# "Ill Fame" ?



## ALBin517 (May 31, 2011)

The manager of the Velvet Touch (adult bookstore) here in Lansing was charged with, "maintaining a house of ill fame."

It sounds like a law from the 1800s but I had never heard of that charge before.


----------



## snickerd3 (May 31, 2011)

so was he operating one of the happy ending movie rooms in the basement?

Supposedly the house my parents bought was used as a house of ill fame. the neighbors were overjoyed when a family with kids moved in.


----------



## Capt Worley PE (May 31, 2011)

It was called a 'house of ill repute' when I was a kid.


----------



## ALBin517 (May 31, 2011)

snickerd3 said:


> so was he operating one of the happy ending movie rooms in the basement?

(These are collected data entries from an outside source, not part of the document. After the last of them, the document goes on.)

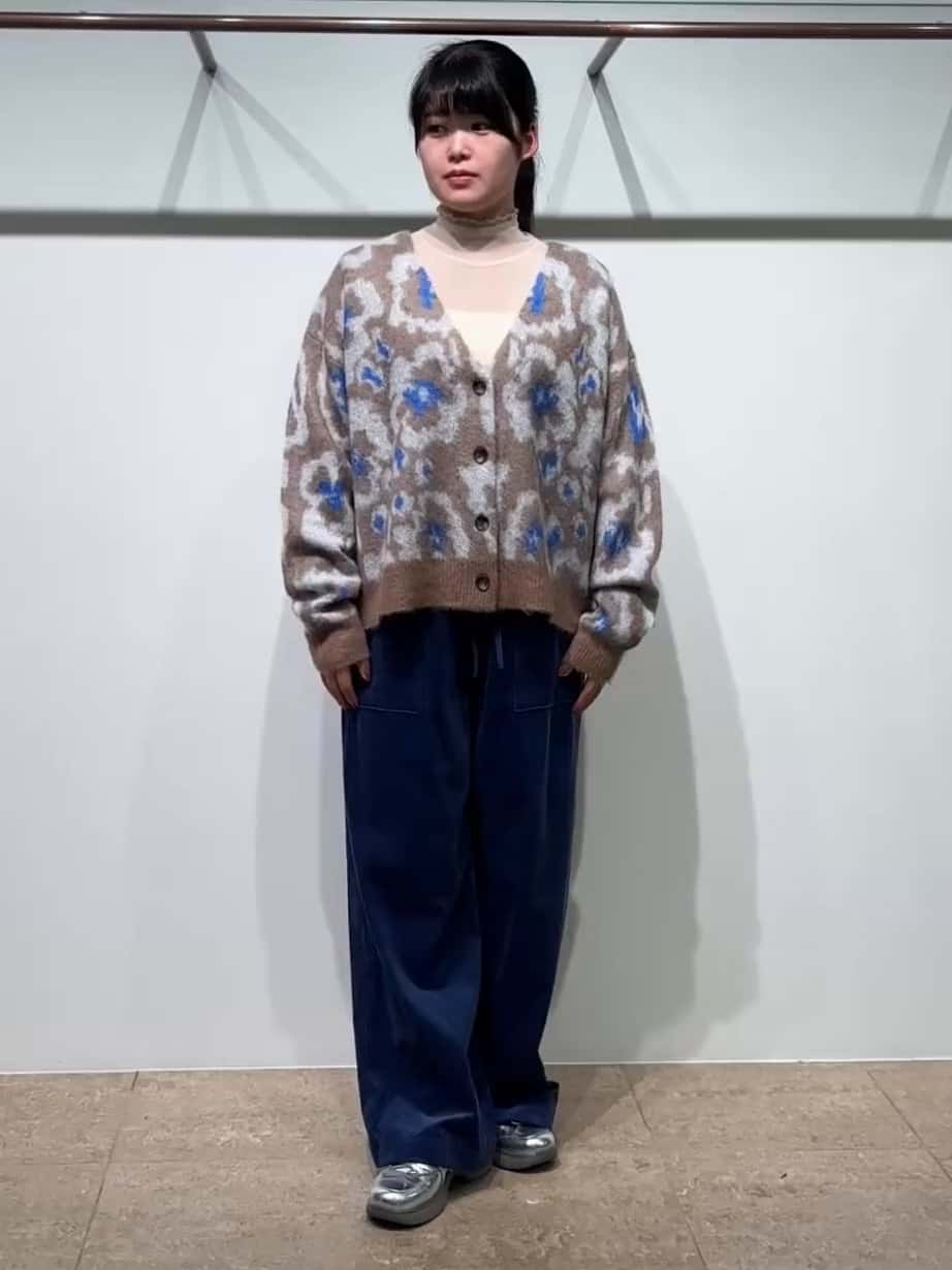 柄の色に合わせてコーデュロイのブルーのパンツを合わせた上品でカジュアルになりすぎないコーディネートです。
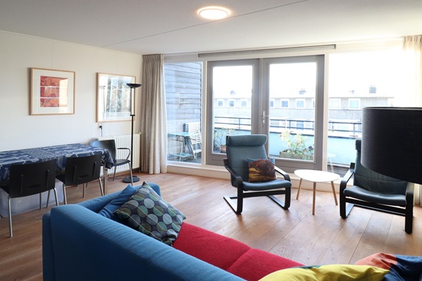 GEEN DELEN MET STUDENTEN Geweldig licht en ruim gemeubileerd appartement verdeeld over de 3e en 4e verdieping, te huur in de populaire Staatsliedenbuurt in Amsterdam, vlakbij de Jordaan. Dit is een geweldige locatie dichtbij het centrum van Amsterdam en toch dichtbij groen en natuur doordat het Westerpark op loopafstand ligt. Winkels, supermarkten, sportscholen en restaurants zijn in de directe omgeving te vinden. Maar de straat zelf is vredig en stil. Openbaar vervoer is vlakbij en tramlijnen op loopafstand.
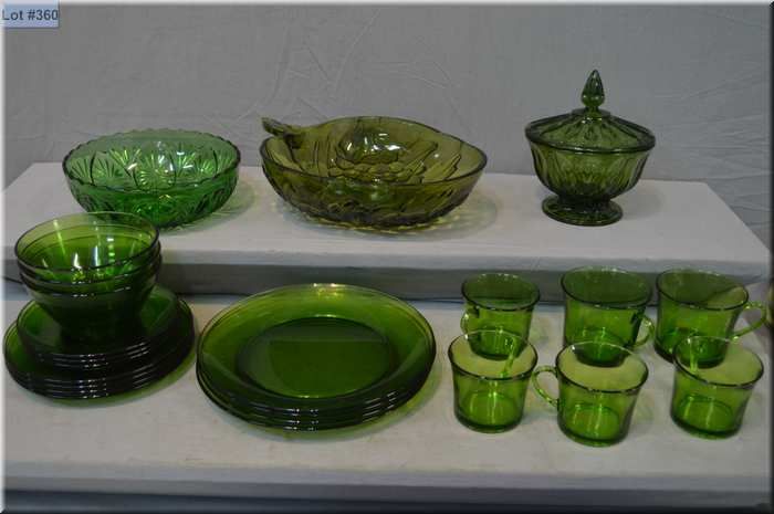 Selection of vintage bottle green glassware including embossed and lidded candy dish, grape motif bowl and six cups, side plates, bowls etc.
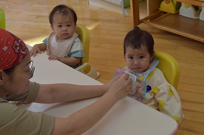 本日はほし組の様子です☆ お水遊びではお店屋さんごっこをしていたり、おもちゃの交換をしながら仲良く遊んでいました。 午後のおやつの様子です。 おいしいドーナツをあっとゆうまにペロリと食べていました。
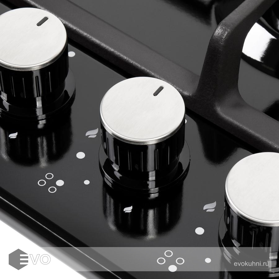 Регулирование подачи газа и электроподжиг конфорок происходит с помощью поворотных ручек из высокопрочного термостойкого пластика. Для простоты использования около каждой ручки нанесены информационные изображения: используемая конфорка, подача газа выключена, электроподжиг, максимальное пламя и минимальное пламя.
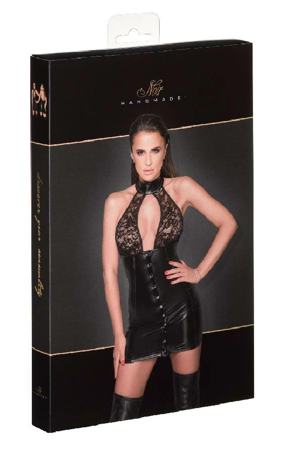 Adorable short dress made out of Power wet-look with a continuous button placket and a bra made of soft lace. The dress features a closure on the Power wet-look collar with a comfortable hook fastener.
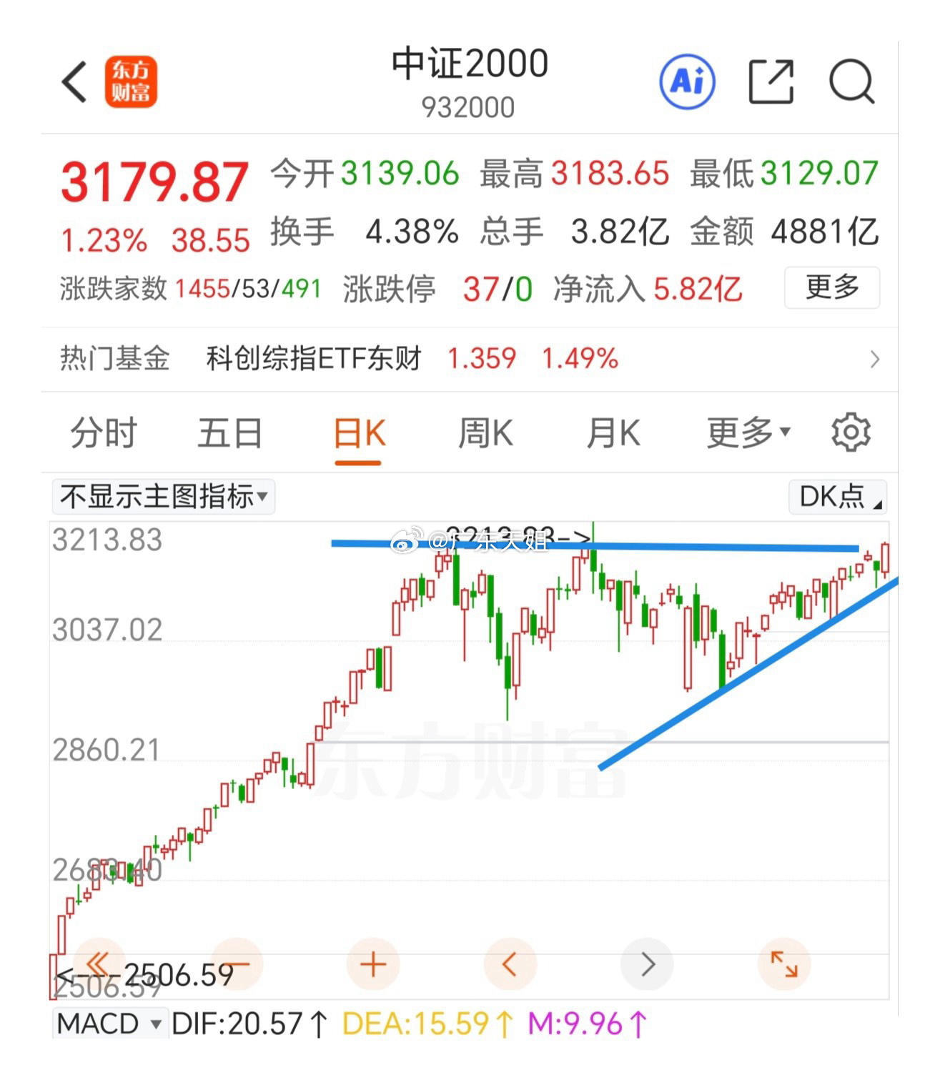 抓住中证2000的波段机会!隔夜外围下跌,只会影响到大A开盘。本身指数层面也有回踩的技术需求,我们看关键点位能不能支撑住。上证指数构筑中枢后向上的离开段已经走出来,回踩只要不跌破3410就是三买,这个中枢已经升级为5分钟级别的,离开段不会这么轻易结束。跌破3410意味着走势变弱,要开始警惕起来准备随时撤退。放量跌破中枢,那就啥也不说了,比谁跑得快,当然这种可能性是最小的。更加需要注意的就是中证2000为代表的中小盘能不能再来一个中阳线。中证2000已经初步突破横盘震荡平台,只要进一步突破并站稳,那么新的波段就来了,这时候大多数股民的赚钱效应就来了。中低位的个股不要一根阳线就怕筹码交出去了,看一段趋势上涨。同时注意人民币汇率的走势,总体上今天的节奏,个人认为会稍回踩后继续上涨,中小盘会再收阳线。拭目以待吧!
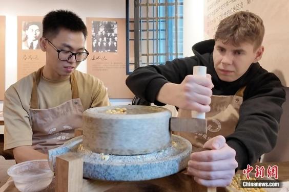 “洋弟子”体验豆腐制作。 张子怡 摄
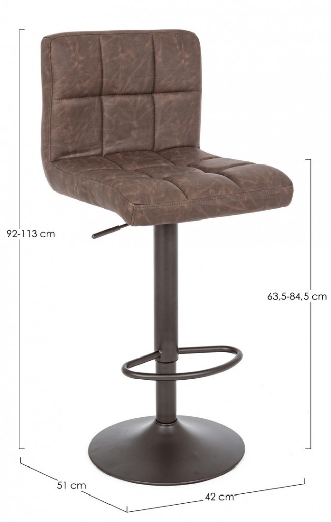 - Materiali / Attributi: Misure: 42a – 51b – 92/113h – 63,5/84,5h1; Materiali: ECOPELLE; Finiture e dettagli: Bar; Note: regolabile

Yeah, an undercover cop came in and the manager offered to arrange a little something extra.


----------



## Ble_PE (May 31, 2011)

Capt Worley PE said:


> It was called a 'house of ill repute' when I was a kid.


This is what I've heard them called.


----------



## ALBin517 (May 31, 2011)

http://www.lansingstatejournal.com/article...|text|FRONTPAGE


----------



## Supe (May 31, 2011)

If I had known there was a place named the Velvet Touch, I'd have stopped going to the Crusty Bucket years ago!


----------



## RIP - VTEnviro (May 31, 2011)

^Does Sandpaper Sally still work there?


----------



## cableguy (May 31, 2011)

ALBin517 said:


> Yeah, an undercover cop came in and the manager offered to arrange a little something extra.

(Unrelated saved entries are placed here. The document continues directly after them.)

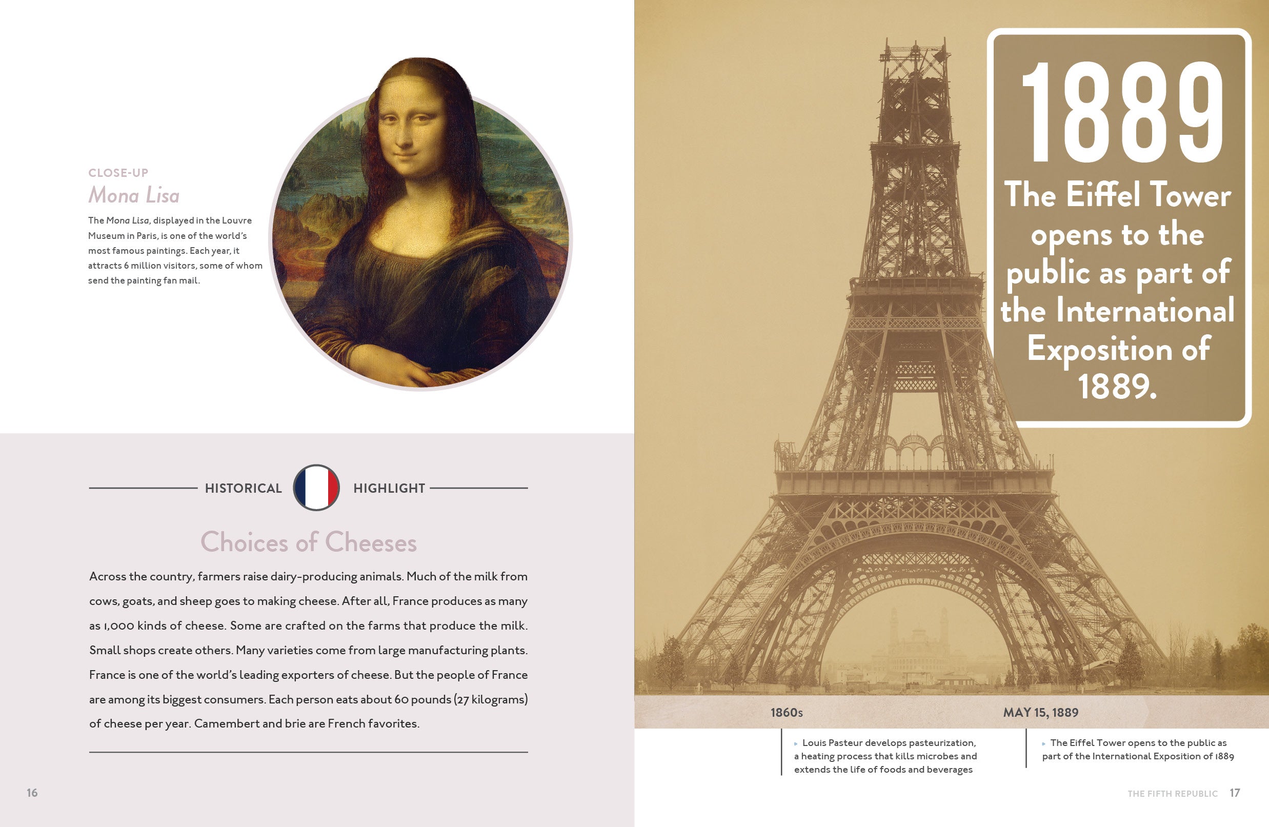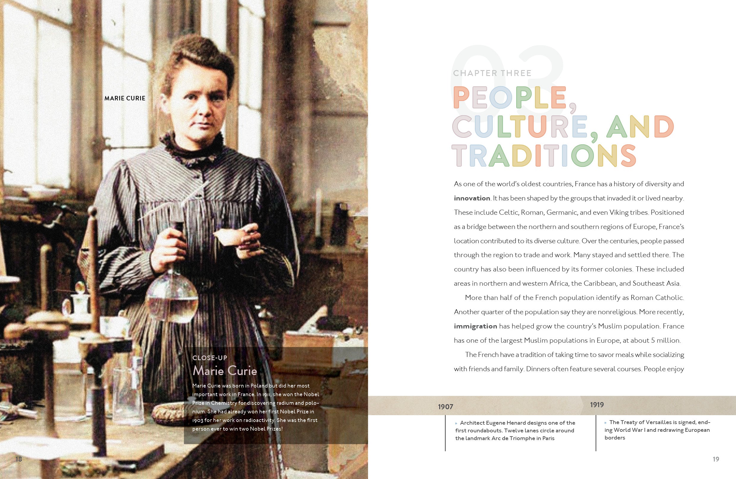 Travel to France within the pages of this book for middle-grade readers eager to explore the nation's history, culture, and significant contributions. While depicting France's iconic landmarks including the Eiffel Tower and Notre Dame, and cultural richness, including its cuisine, art, and festivals, the narrative also discusses France's transformation from ancient Gaul to the Fifth Republic, its modern political structure, economic strengths, and its role in global affairs. With captivating color photographs, timelines, glossary, and index, this book is perfect for research and browsing.
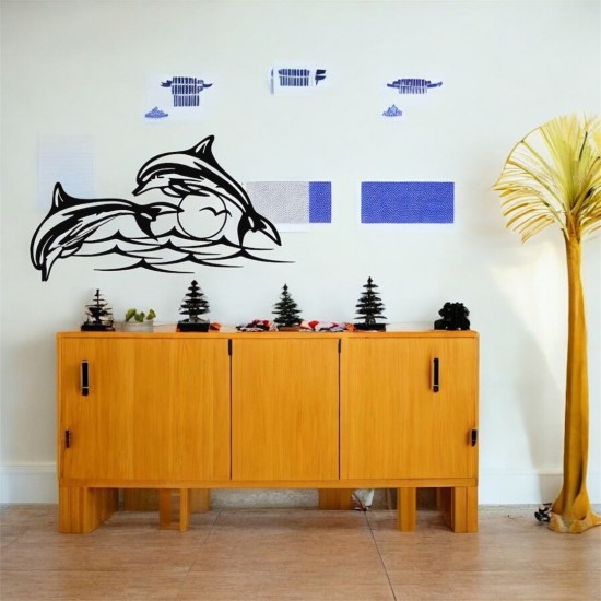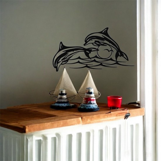 Lazer Kesim Metal Duvar Dekoru, Yunuslar 40 cm
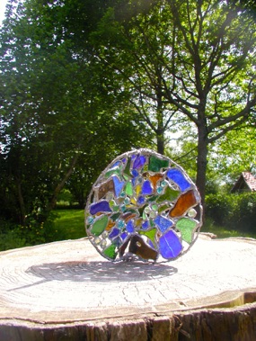 Artesanos y ecológicos ... están hechos de botellas recicladas ... rotas por choque térmico, las son entonces recicladas, dándole vida a las baldosas de vidrio ... Hago cada obra de arte con las nuevas piezas, cuidadosamente escogidas, siempre en busca de transparencias ... texturas ... profundidades ... en un descubrimiento perpetuo donde la alianza del fuego es siempre inesperada y sorprendente ... para crear ambientes que favorezcan los sueños ...
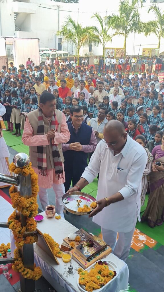 पांढुर्णा – कलेक्टर श्री नीरज कुमार वशिष्ठ के मार्गदर्शन में आज लक्ष्मी स्मृति भवन के प्रांगण में गीता जयंती के अवसर पर अंतर्राष्ट्रीय गीता महोत्सव का आयोजन हुआ। कार्यक्रम में मुख्य अतिथि महामंडलेश्वर स्वामी श्री अखिलेश्वरानंद गिरी महाराज एवं जाम सावली मंदिर से श्री गयाप्रसाद जी पांडे उपस्थित रहे।
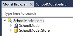 Im Bereich Modellbrowser wird eine Strukturansicht angezeigt. (Der Bereich Modellbrowser ist möglicherweise mit dem bereich Projektmappen-Explorer angedockt.) Der Knoten SchoolModel stellt die Datenmodellstruktur dar, und der SchoolModel.Store Knoten stellt die Datenbankstruktur dar.

And lemme guess... It took the undercover officer 10 trips and cost him several hundred dollars before he was able to "close" the investigation?


----------



## cdcengineer (May 31, 2011)

Poor devil. There goes the gov't cracking down on small business again..


----------



## Master slacker (Jun 1, 2011)

VTEnviro said:


> ^Does Sandpaper Sally still work there?


uke:


----------



## MA_PE (Jun 1, 2011)

Maybe the cop turned him in because he got the "full" one.


----------



## csb (Jun 1, 2011)

snickerd3 said:


> so was he operating one of the happy ending movie rooms in the basement?
> Supposedly the house my parents bought was used as a house of ill fame. the neighbors were overjoyed when a family with kids moved in.

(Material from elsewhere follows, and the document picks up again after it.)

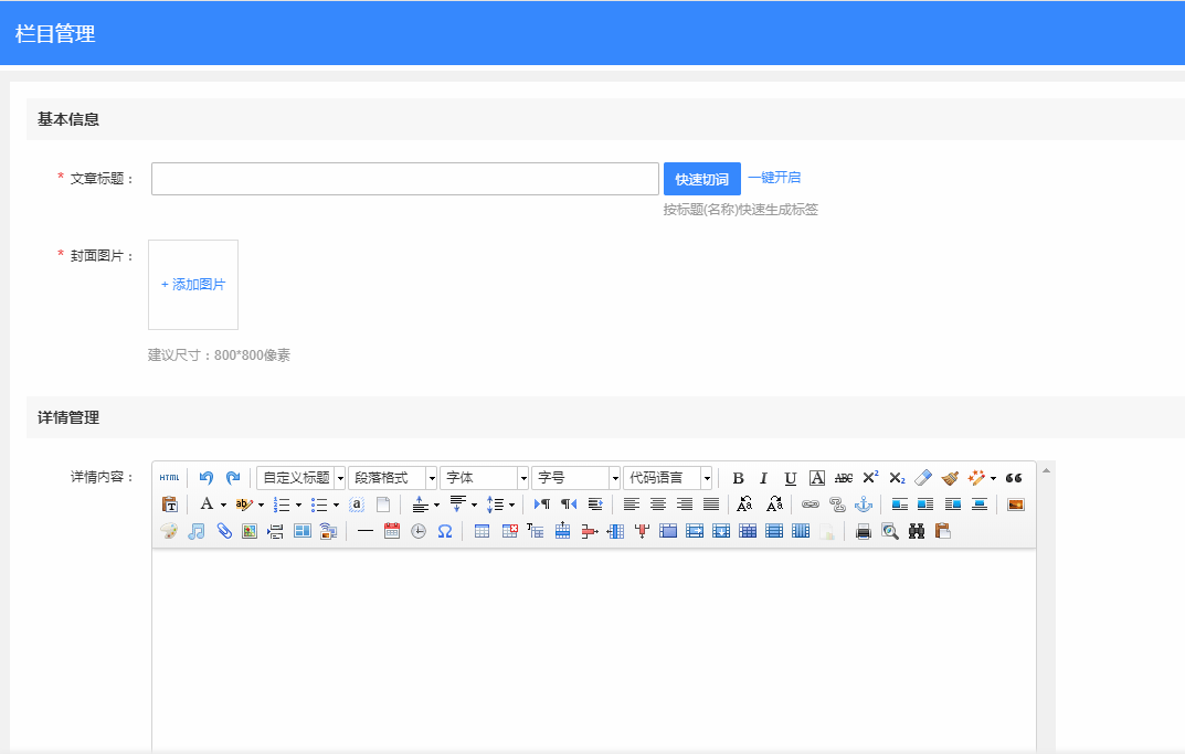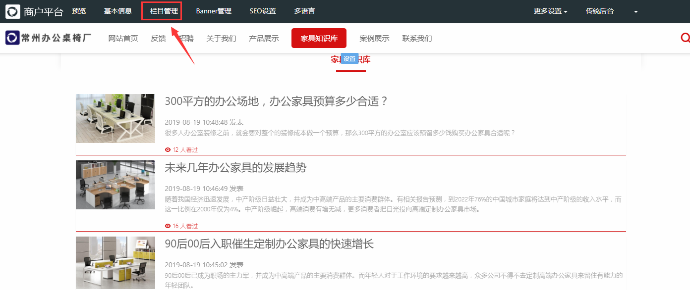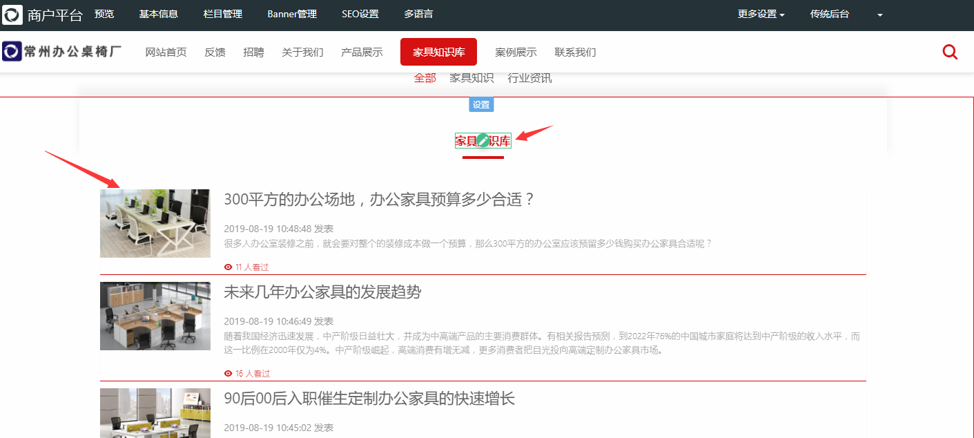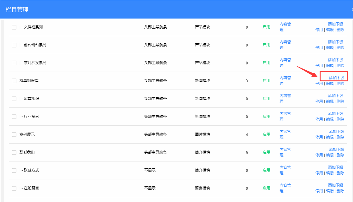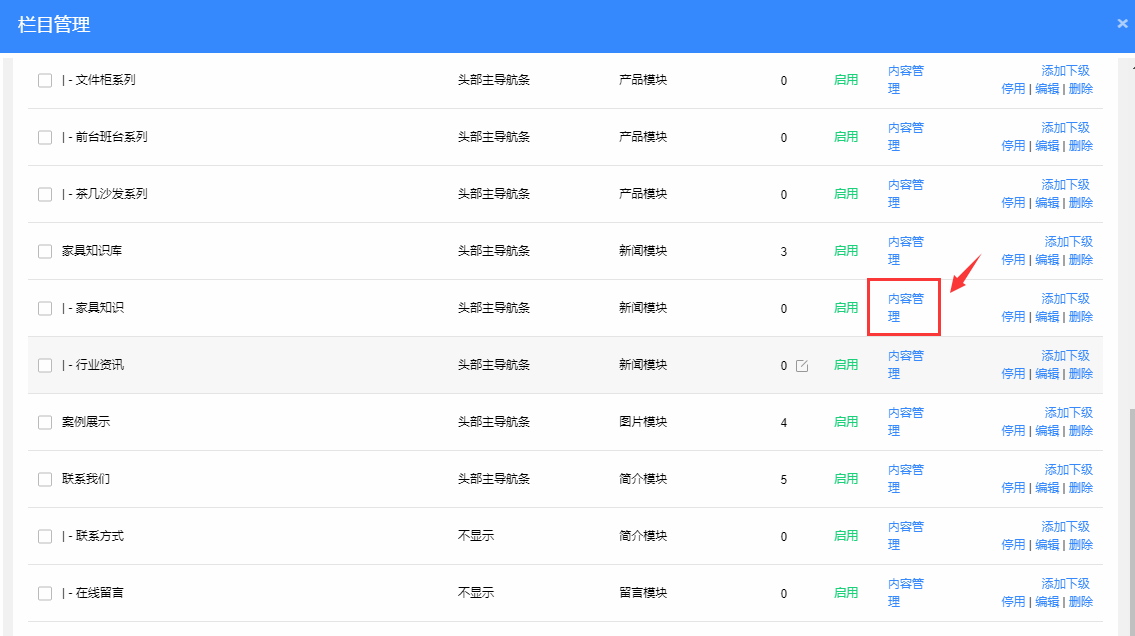 点击栏目管理,进入到新闻栏目的内容管理,编辑新闻的内容

My first apartment was in a house that used to be a funeral home. It kinda creeped me out, but the thought of living in an old brothel might be even creepier. I guess this shows I've reached the point where germs are scarier than ghosts.

The main "massage parlor" for our state got shut down. Awkward moment when a noted doctor in town was one of the clients.


----------



## MA_PE (Jun 1, 2011)

On a serious note:

It's the world's oldest profession.

As long as it's between consenting adults and there's no "slavery" or other forced human trafficking involved. Personally, I couldn't care less. There are much bigger problems in this world to worry about and/or waste law enforcement forces on.

csb: I don't wee why it would be "creepy" to live in a former brothel. Chances are people have had sex in any building we occupy. I'd find a mortuary a lot creepier.


----------



## RIP - VTEnviro (Jun 1, 2011)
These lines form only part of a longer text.